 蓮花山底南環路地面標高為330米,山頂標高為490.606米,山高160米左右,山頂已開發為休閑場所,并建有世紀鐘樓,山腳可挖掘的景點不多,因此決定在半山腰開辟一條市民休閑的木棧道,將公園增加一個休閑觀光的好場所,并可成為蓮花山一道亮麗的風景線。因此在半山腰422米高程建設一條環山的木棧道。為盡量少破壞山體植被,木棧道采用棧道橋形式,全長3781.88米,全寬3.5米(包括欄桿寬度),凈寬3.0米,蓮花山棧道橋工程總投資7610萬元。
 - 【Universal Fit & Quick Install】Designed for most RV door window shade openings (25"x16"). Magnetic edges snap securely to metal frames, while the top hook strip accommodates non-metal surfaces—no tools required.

• • •

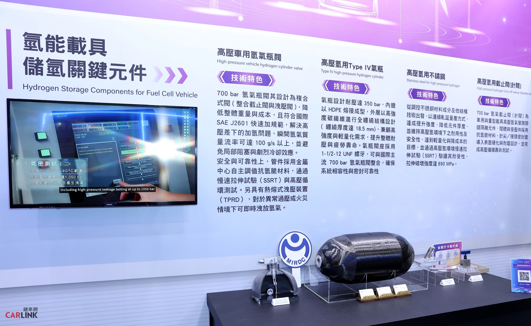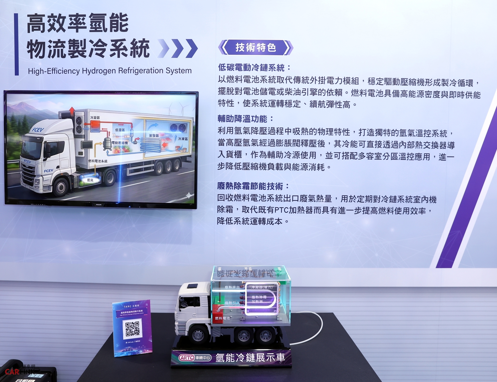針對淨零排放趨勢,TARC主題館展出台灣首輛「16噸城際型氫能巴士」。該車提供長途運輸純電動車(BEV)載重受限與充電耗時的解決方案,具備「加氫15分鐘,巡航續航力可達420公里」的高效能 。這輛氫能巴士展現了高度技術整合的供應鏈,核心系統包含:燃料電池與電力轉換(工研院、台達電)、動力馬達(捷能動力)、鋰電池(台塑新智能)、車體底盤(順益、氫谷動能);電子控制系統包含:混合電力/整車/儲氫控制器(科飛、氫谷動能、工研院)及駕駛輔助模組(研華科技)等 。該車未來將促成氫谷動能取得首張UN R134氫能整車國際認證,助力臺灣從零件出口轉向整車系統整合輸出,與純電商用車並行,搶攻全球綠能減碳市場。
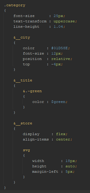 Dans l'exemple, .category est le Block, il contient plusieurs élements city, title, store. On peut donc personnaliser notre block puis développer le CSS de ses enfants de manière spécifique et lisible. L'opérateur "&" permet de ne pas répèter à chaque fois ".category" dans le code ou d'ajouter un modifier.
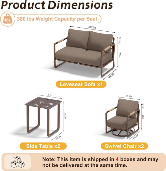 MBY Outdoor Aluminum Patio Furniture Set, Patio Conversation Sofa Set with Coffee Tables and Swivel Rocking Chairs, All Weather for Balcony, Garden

• • •

Starting at the line that contains "蓮花山底南環路地面標高為33" and stopping after the line that contains "- 【Universal Fit", write out every line exactly as it appears above, and no other line.

RESPONSE BELOW:
 蓮花山底南環路地面標高為330米,山頂標高為490.606米,山高160米左右,山頂已開發為休閑場所,并建有世紀鐘樓,山腳可挖掘的景點不多,因此決定在半山腰開辟一條市民休閑的木棧道,將公園增加一個休閑觀光的好場所,并可成為蓮花山一道亮麗的風景線。因此在半山腰422米高程建設一條環山的木棧道。為盡量少破壞山體植被,木棧道采用棧道橋形式,全長3781.88米,全寬3.5米(包括欄桿寬度),凈寬3.0米,蓮花山棧道橋工程總投資7610萬元。
 - 【Universal Fit & Quick Install】Designed for most RV door window shade openings (25"x16"). Magnetic edges snap securely to metal frames, while the top hook strip accommodates non-metal surfaces—no tools required.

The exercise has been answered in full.